Elezioni. Azione rompe con il Pd, Letta: Calenda così aiuta la destra

Elezioni, accordo tra Pd, Azione e +Europa: andranno insieme al voto

“Il Pd sarà ancora più determinato rispetto a prima. È chiaro che gli italiani, con queste legge elettorale, dovranno scegliere se essere governati da Meloni, dalle destre, o da noi. Questa scelta è netta e Calenda ha deciso di aiutare la destra, facendo quello che ha fatto”.

“Che promesse puoi fare agli italiani se decidi di rompere la parola data?”. Così Enrico Letta, segretario del Pd al Tg1 critica la mossa del leader di Azione, Carlo Calenda, di rompere il patto con i dem. “Si parte in campagna elettorale. È fondamentale parlare di giovani, di ambiente e di lavoro”, osserva il segretario Pd. “Gli italiani hanno visto benissimo, c’è stato un patto sottoscritto e una parte ha deciso di non onorare la parola data. Secondo me in politica, come nella vita, è grave”.

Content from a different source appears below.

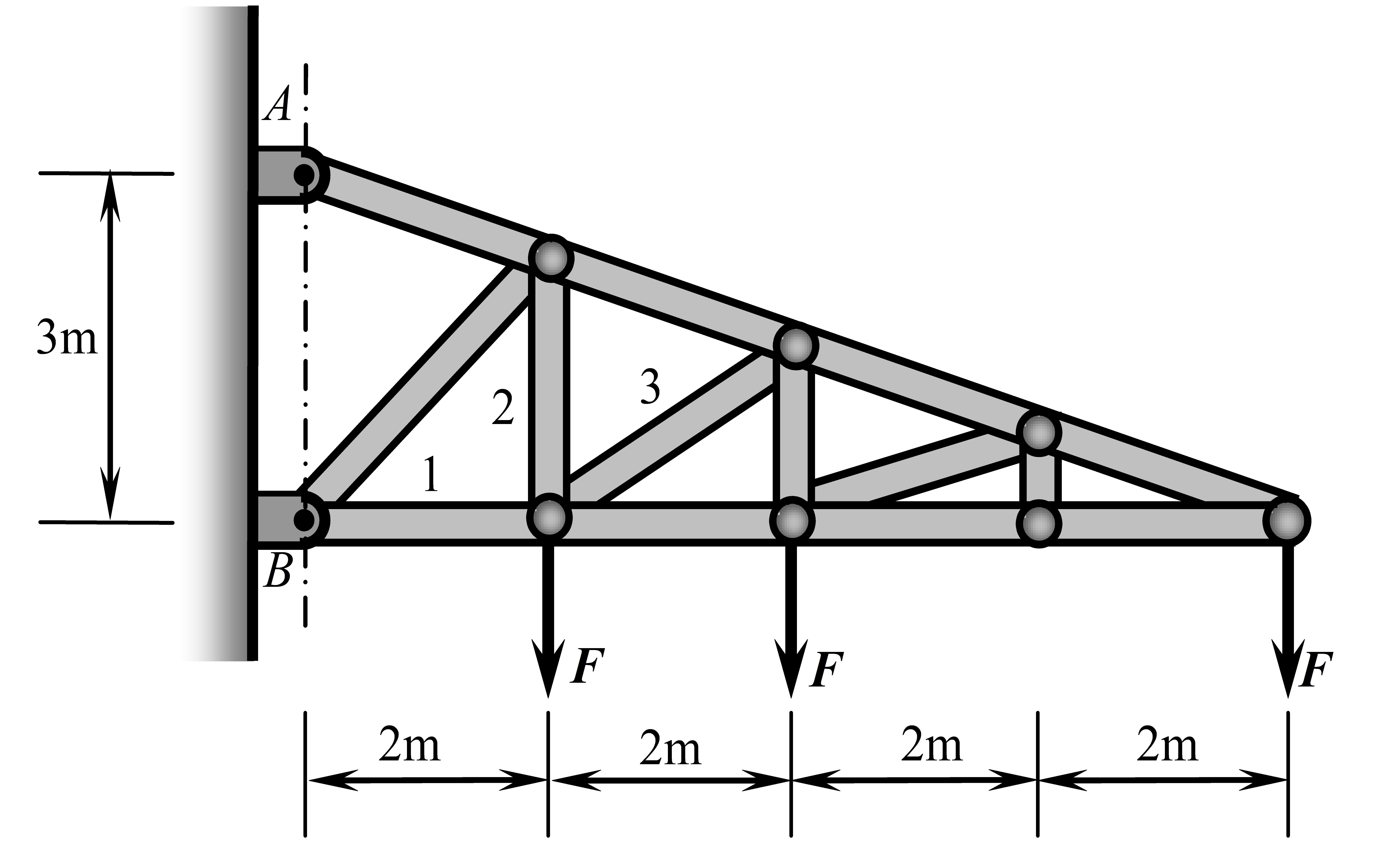 答案: 【 F1=-3.55F(受压),F2=1.67(受拉),F3=-1.11F(受压)
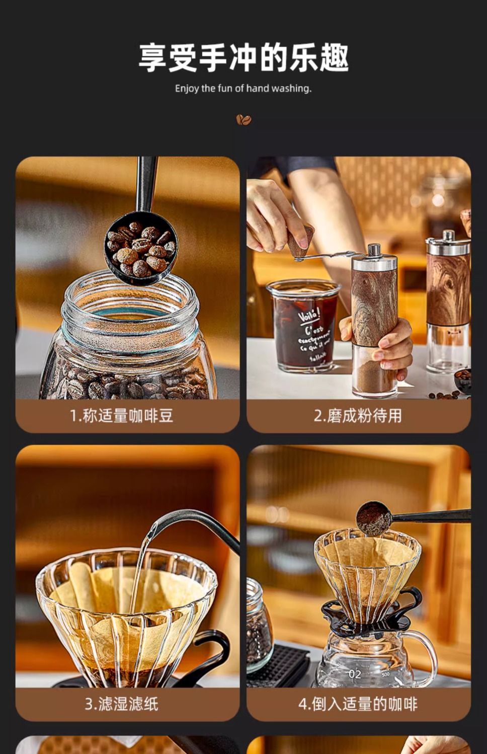 手冲咖啡壶套装手磨咖啡机手摇家用小型咖啡豆研磨器具全套咖啡机

“Le alleanza sono definite”. “È stato Conte a far cadere il governo Draghi. Si è assunto un’enorme responsabilità e per noi questo è un fatto conclusivo”.

Bonino: “Incredula. L’intesa l’aveva scritta Calenda”
“Io non so cosa sia accaduto” in questi pochi giorni trascorsi dalla sigla dell’accordo tra Azione, +Europa e Pd, “personalmente sono molto dispiaciuta, politicamente incredula”. Lo ha detto la senatrice di +Europa Emma Bonino a In Onda su La7 dopo la rottura dell’accordo elettorale decisa dal leader di Azione Carlo Calenda. “La bozza dell’accordo, per ironia della sorte, era stata scritta da Calenda”, ha aggiunto Bonino, sottolineando che “la serietà è innanzitutto è tenere fede alla parola data. Non è serio cambiare opinione ogni tre giorni, specialmente per chi si candida a partecipare al governo di un Paese”.

“La giornata di oggi segna la Caporetto di Enrico Letta” ha detto Renzi ai suoi, invitandoli a “staccare twitter e andare al mare”. Nessun commento ufficiale sullo strappo di Calenda ma grande sorpresa per la strategia fallimentare di Letta. “Da un mese a questa parte il segretario del Pd sta sbagliando tutto quello che è possibile sbagliare. E la Meloni ringrazia”, spiegano fonti renziane. Quanto a Calenda non ci sono contatti ufficiali in corso ma rimane la disponibilità di Italia viva a un dialogo nel nome del Terzo Polo che Renzi definisce “opportunità straordinaria”.